What the data clearly show is that the magnetization in the films of Fe nanoparticles embedded in Co matrices exceeds that of the Slater–Pauling curve till the density of nanoparticles reaches the percolation threshold at 25%. Then, the magnetization reduces to a value that is the weighted average of the Fe and Co bulk magnetic moments. This is due to the nanoparticles coming into contact and the Fe–Co interface reducing so that essentially there is a phase‐separated mixture. It is evident from the data for the Co nanoparticles in an Fe matrix, however, that a saturation magnetization of about 3 T can be achieved, which is significantly higher than the Slater–Pauling limit. The data in Figure 1.12are from a material rather than isolated nanoparticles, but it is still in the form of a very thin film approximately 50 nm thick, that is, a long way from a bulk material. With big improvements in the flux from nanoparticle sources, however, there are now patented ideas to produce bulk quantities of this nanostructured alloy, which the author's group is working on at the Universidad de Castilla‐La Mancha in Spain. It is envisaged that this material will find its way into motors for all‐electric transport within eight years where it will produce at least a 20% improvement in the power to weight ratio of the motor.

This development has been labored as it is an excellent example of incremental nanotechnology moving from the lab into applications. This is just a single example and the method of producing materials shown in Figure 1.11is a supreme way of making nanostructured materials in general. One can control the grain size independently of the volume fraction, there is free choice of the material in the grains or the matrix, and it is possible, using methods shown in Chapter 5, to make the nanoparticles out of more than one material in a range of motifs. These include alloy, core‐shell, and dumbbell nanoparticles, also called Janus particles as they have two different materials exposed at the surface. The method is likely to find its way into a range of applications in advanced materials.
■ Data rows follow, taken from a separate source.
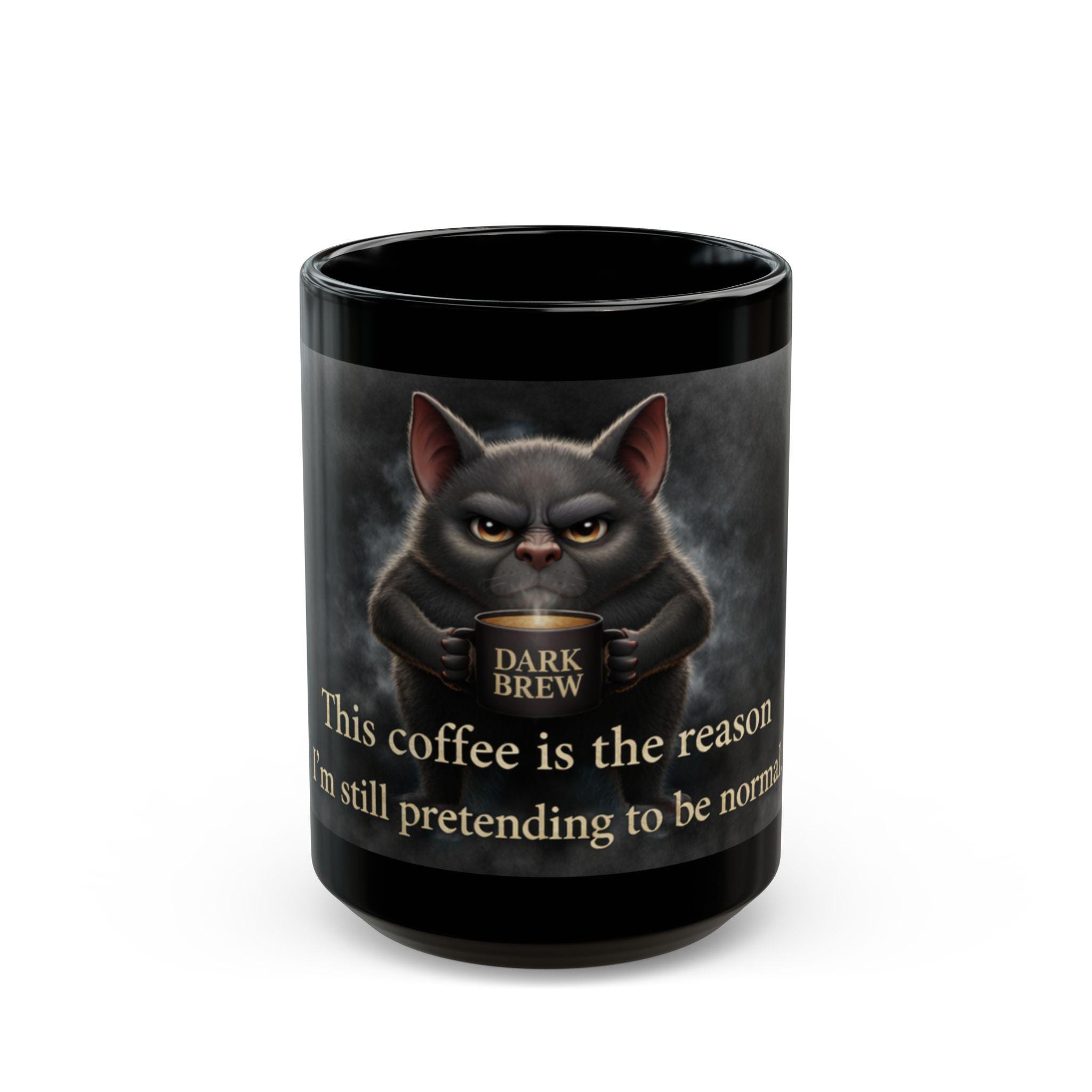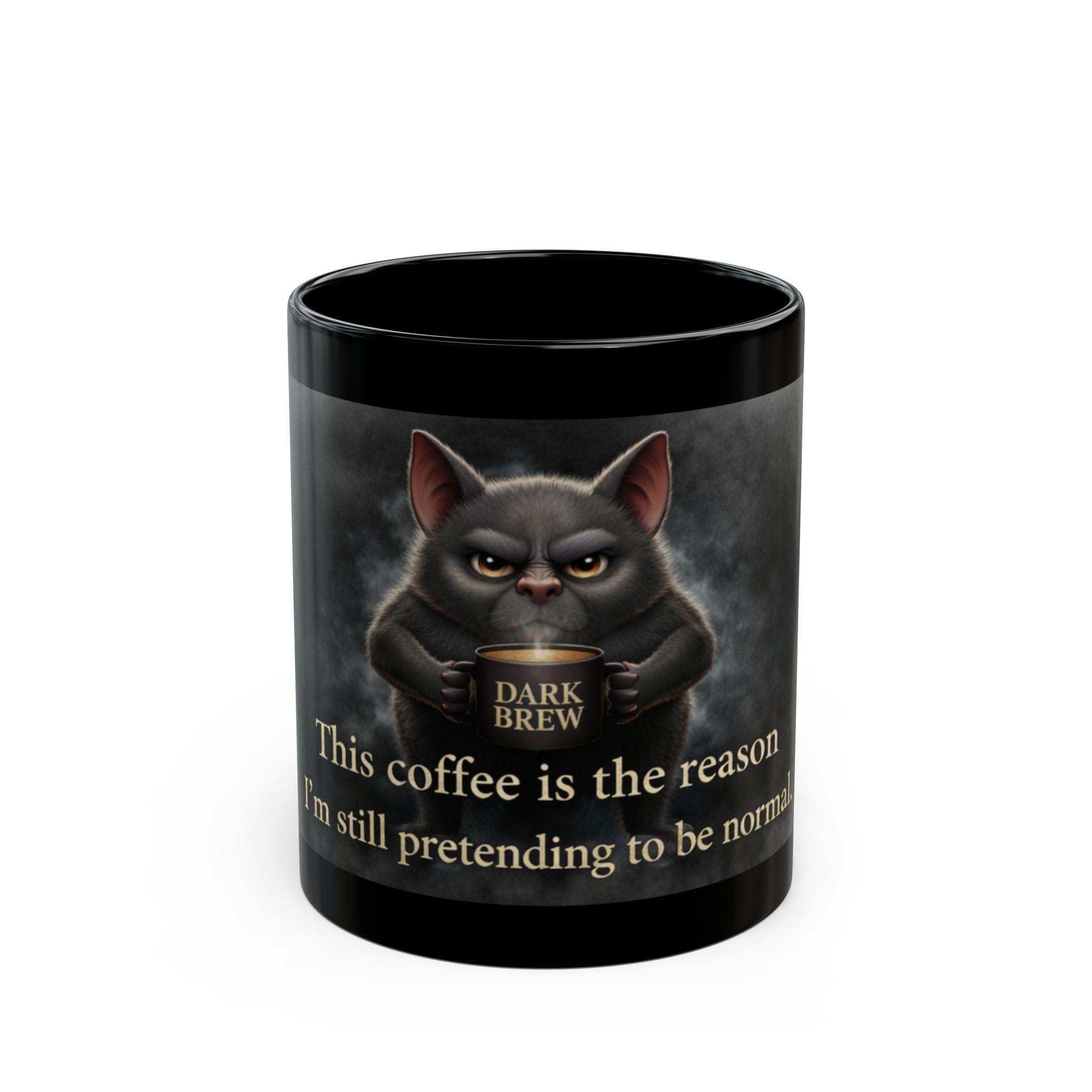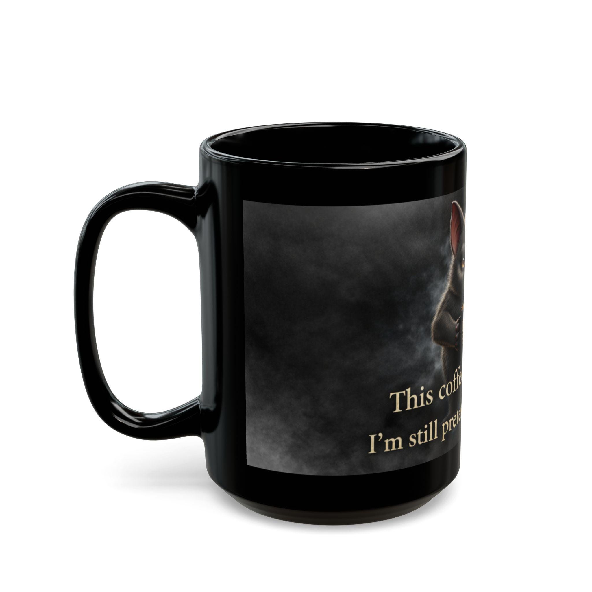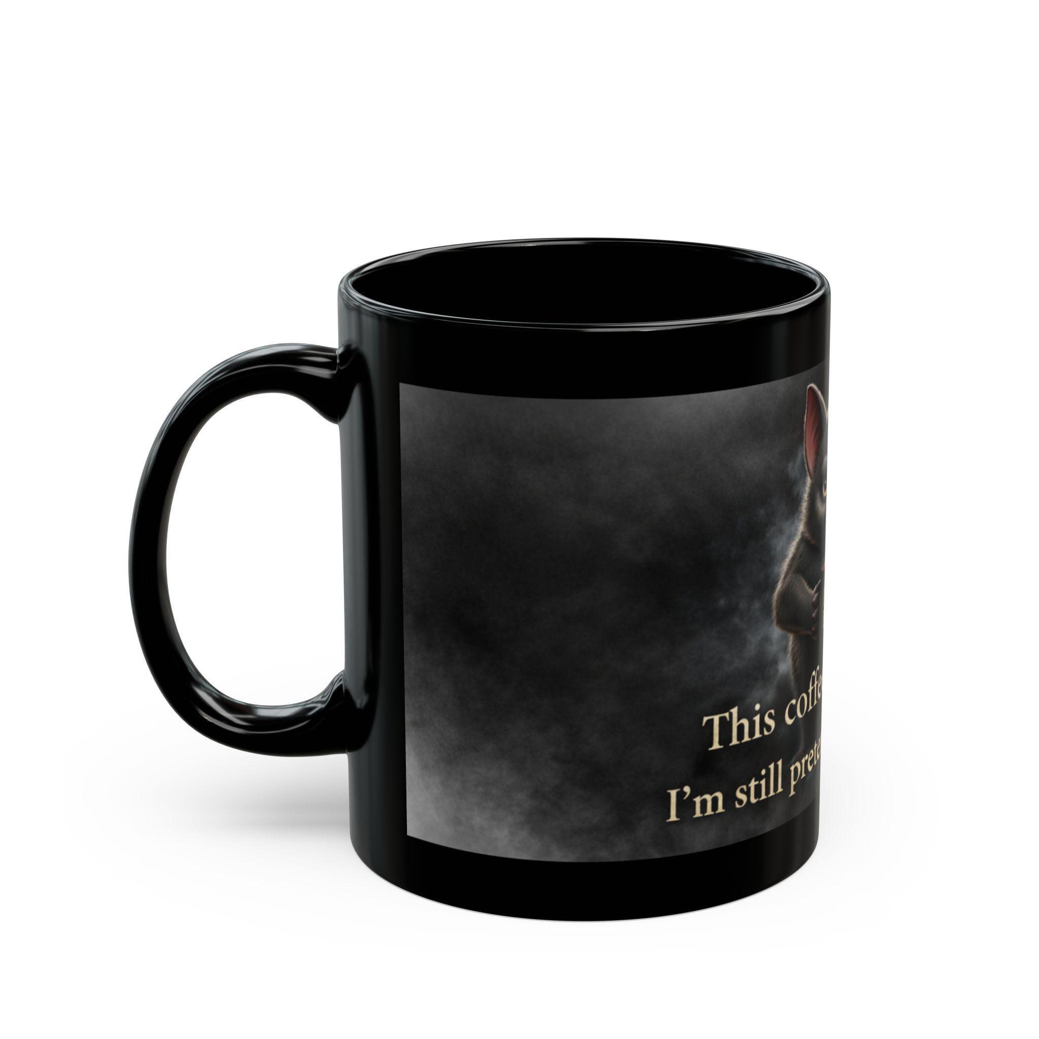 The deep black glaze makes the artwork pop while keeping the look moody and understated. Fits into routines where humor and a strong cup of coffee go hand in hand.
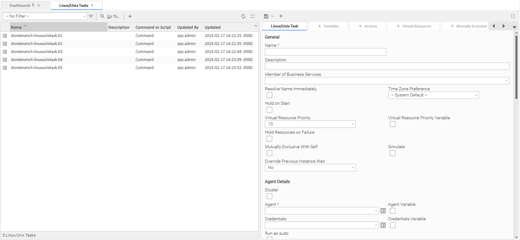 Step 1 | From the Automation Center navigation pane, select Tasks > Linux/Unix Tasks. The Linux/Unix Tasks list displays a list of all currently defined Linux/Unix tasks. To the right of the list, Linux/Unix Task Details for a new Linux/Unix task displays.
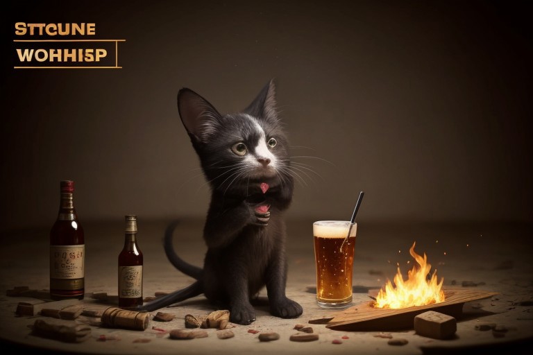 chibi, cute, sparkles, food, machine, mouse, cat, war,, bullets, gun, rpg, blood, fire, waste, trash, (workshop background), building, beer, vodka, whiskey, scotch, blood, fight, ((((drunk)))), journal cover, text, (((big text))) rn56r5n6r7nr
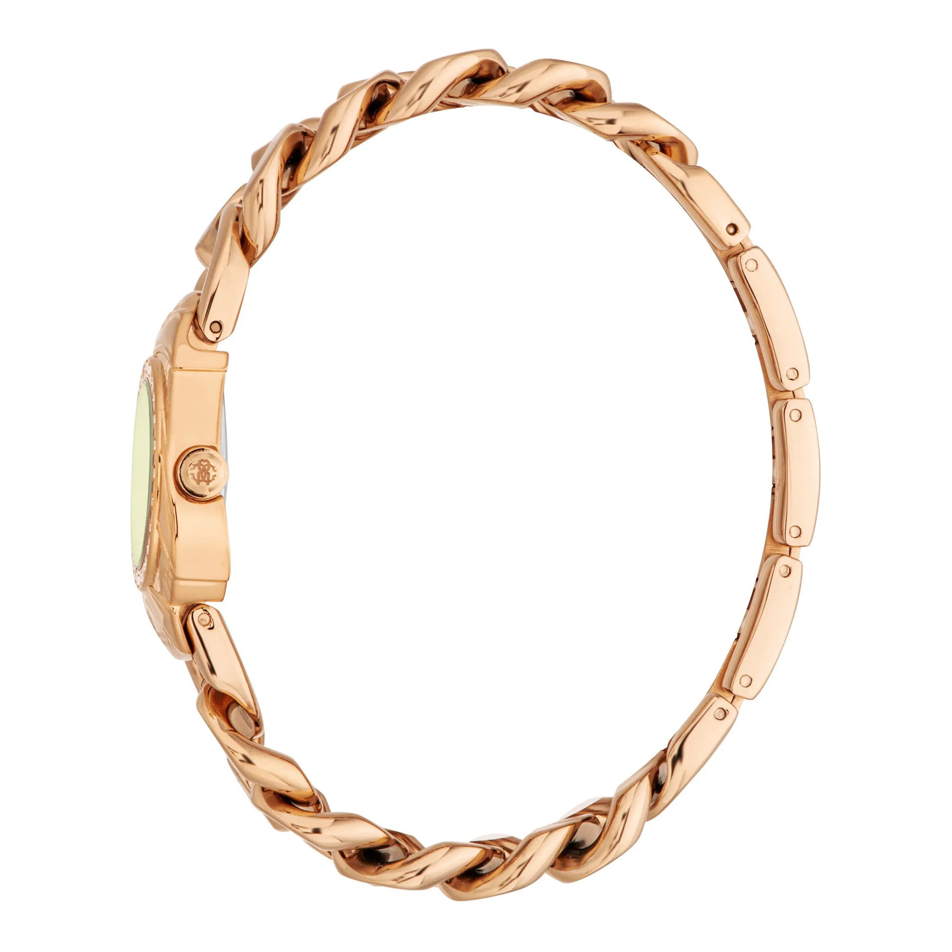 Poczuj urok zegarka Roberto Cavalli Lady w kolorze różowego złota. Jego nieregularna koperta i oliwkowo-zielona tarcza tworzą harmonijne połączenie elegancji i stylu. Bransoleta ze stali nierdzewnej i zapięcie jubilerskie oferują luksusowe wykończenie, a wodoodporność zapewnia praktyczność. Ten zegarek jest świadectwem ponadczasowego piękna.
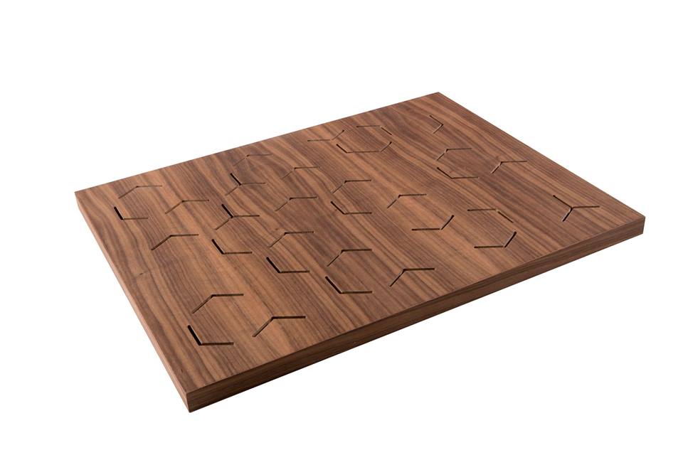 Base material: MDF Panel size: 600x600x24, 600x1200x24, 600x1500x24 Weight kg/m2: 6,9 Surface: melamine lamination , reall wood veneer Surface treatment: Standard WB coating , oil /wax coating, staining etc. Fire classification: up to B s1.d.0 , EU norm EN 13501-1 Humidity resistance: 70% standard to 95% Humidax Acoustical treatment: Integrated Rockfon 20mm mineral fibre pad Open area: 7 -40% Suspension: Various NEXT specific hangers
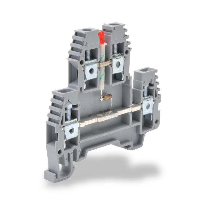 Konnect-It double-level terminal block, with 110VDC LED connected between levels, 26-10 AWG, gray, 30A, 300V rated (UL). 20 pieces per package.
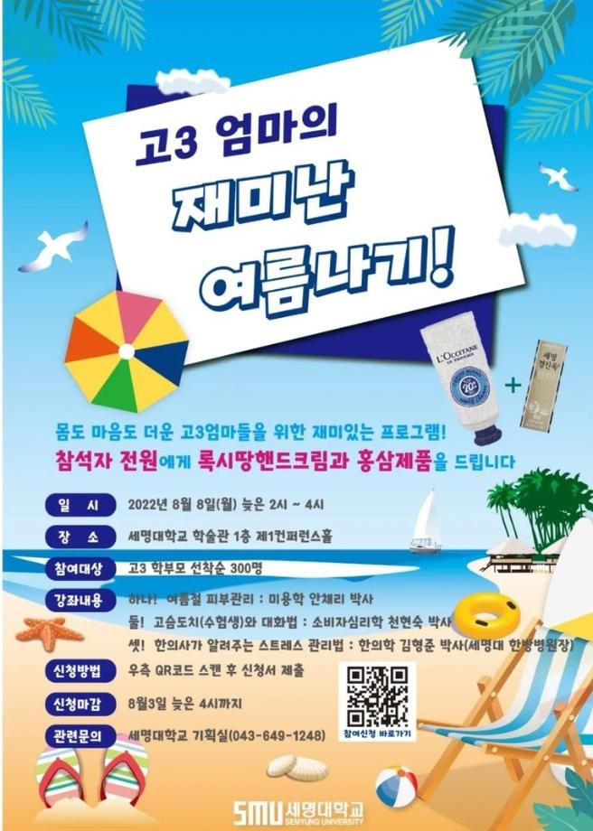 본문 시작 홈으로 커뮤니티 학과소개 교수소개 학과과정 커뮤니티 대학원 홈페이지가이드 포토갤러리 공지사항 채용정보 포토갤러리 Youtube 바로가기 Instargram 바로가기 Blog 바로가기 Facebook 바로가기 포토갤러리 페이스북 트위터 프린트 수험생 학부모의 재미난 여름나기 뷰티케어학 2599 2022-08-11 뷰티케어학과 안채리 교수는 '여름철 피부관리'에 대해 특강을 진행하였습니다. 우리 젊으신 총장님! 멋짐뿜뿜 ~ 입학처장님의 워딩 좋으신 강연과 명의이자 한의학과 교수님의 위트 넘치는 명강의👍가 있었습니다!!^^ 일시 : 08월 08일(월) 14~16시 장소 : 세명대학교 학술관 컨퍼런스홀 목록 이전시그니처 프로그램을 위한 학과 홍보 유튜브 동영상 촬영 다음 배화여자고등학교 입시홍보
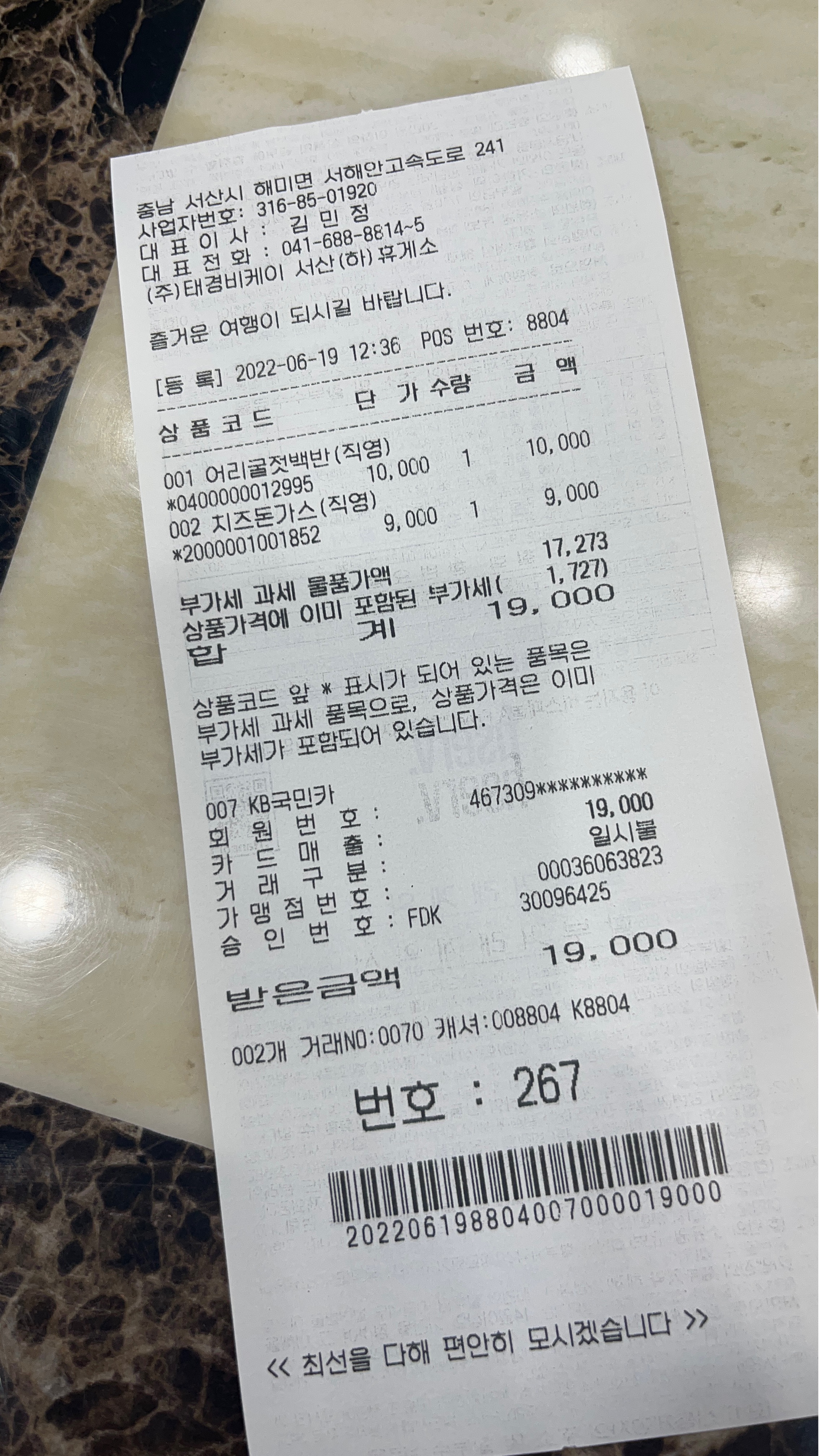 독산동에서 막혀서 멘붕.. 한시간 넘게 달려서 서산휴게소에서 점심을 먹기로 했다. 행담도휴게소를 갈지 고민하다가 어리굴젓백반이 그렇게 맛있다길래 서산휴게소로 갔다.
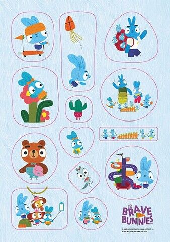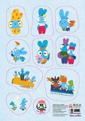 Стікерпаки з героями мультсеріалу «Хоробрі Зайці» складаються з 2 аркушів наліпок формату А5 у пакеті. Наліпками можна прикрасити ноутбук, смартфон, планшет, все на що вистачить фантазії. Кожен стікер на аркуші вирізаний по контуру, його легко відокремити від аркуша.
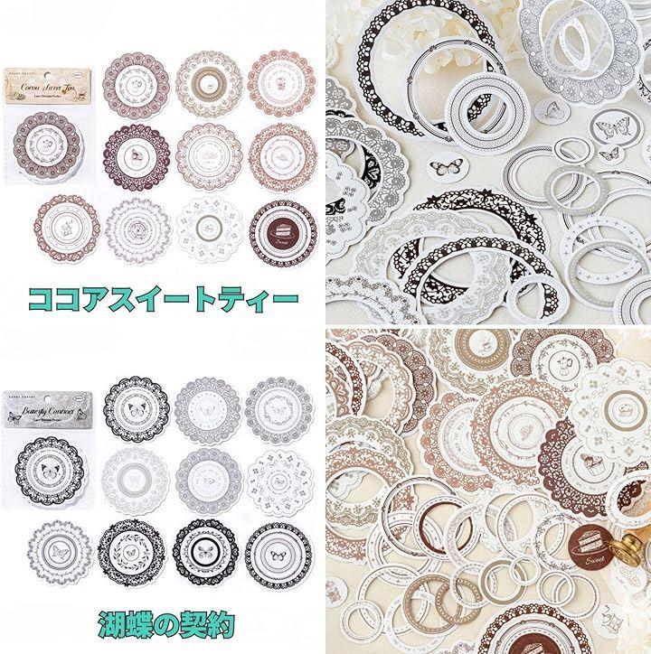 まるで精巧なレース編みのようなパターンや、花、蝶、リボンなどの可愛らしいモチーフが描かれており、異なる色合いとデザインで、多様な表現が楽しめます。
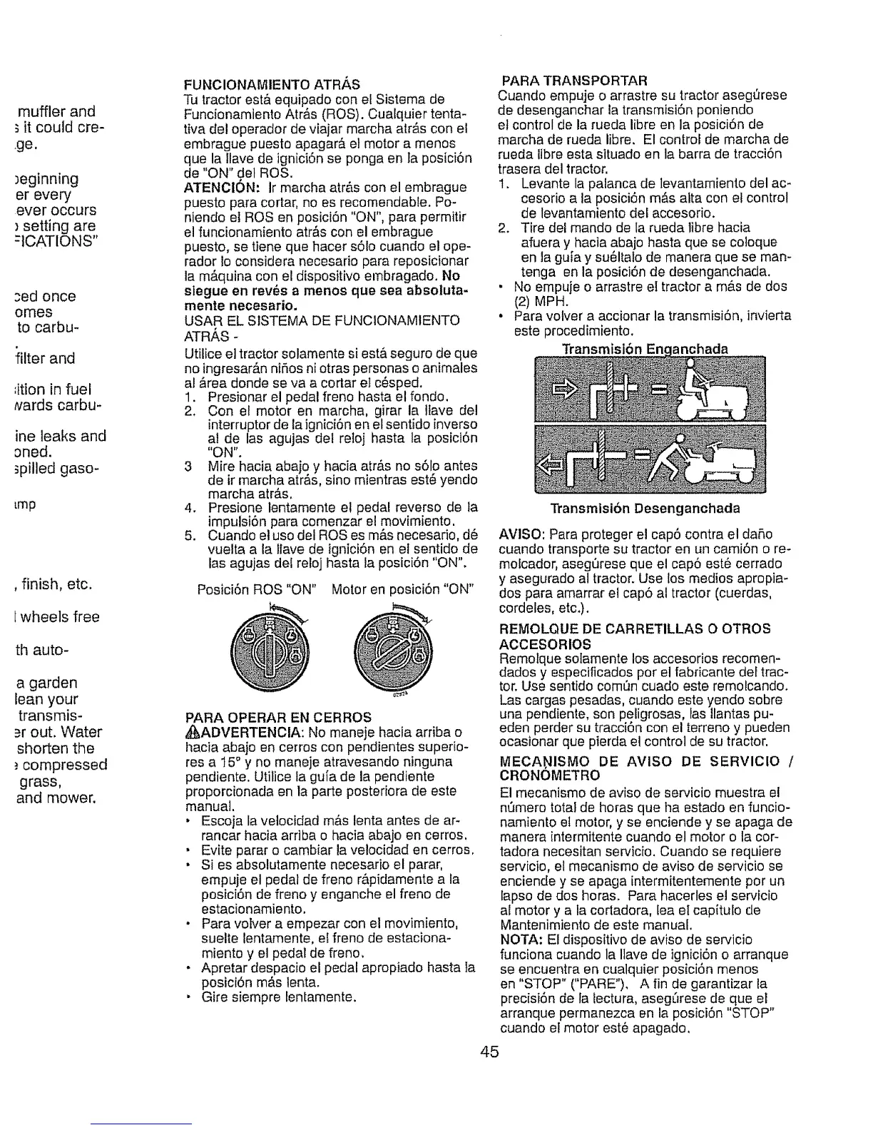Posici6n ROS "ON" Motor en posici6n "ON"

Mechanical properties such as the strength of metals can also be greatly improved by making them with nanoscale grains. Several basic attributes of materials are involved in defining their mechanical properties. One is strength, which includes characteristics with more precise definitions but basically determines how much a material deforms in response to a force. Others are hardness, which is given by the amount another body such as a ball bearing or diamond is able to penetrate a material, and wear resistance, which is determined by the rate at which a material erodes when in contact with another. These properties are dominated by the grain structure found in metals produced by normal processing. An example of the grains structure of a “normal” piece of metal is shown in Figure 1.13a, which is an electron microscope image showing the grain structure of tin. Each grain is a single‐crystal with a typical size of about 20 μm (20 000 nm). The mechanical properties listed above are due to grains slipping past each other or deforming, so clearly what happens at the grain boundaries is very important in determining properties such as strength, etc. It is possible by various techniques including nanoparticle deposition ( Figure 1.11), electro‐deposition, and special low‐temperature milling methods to produce metal samples in which the grains are a few nanometers across. An example is shown in Figure 1.13b, where, on the same scale as Figure 1.13a, the grain structure disappears to show a homogenous material. Blowing up the magnification a further 15 000×, however, ( Figure 1.13c) reveals the new nanoscale grain structure. In this image, the individual planes of atoms are indicated by the sets of parallel lines and the boundaries are where the lines suddenly change direction as highlighted for one of the grains. Whereas in the coarse‐grained metal shown in Figure 1.13a, about one atom in 100 000 is at a grain boundary, in the nano‐grained equivalent, about a quarter of the atoms are at a grain boundary. Clearly, this change is going to have a marked effect on the mechanical properties of the material. Changes in mechanical properties with grain size were quantified over 50 years ago by Hall and Petch [12, 13], but the modern ability to control the grain size right down to the nanometer scale can produce significant increases in performance.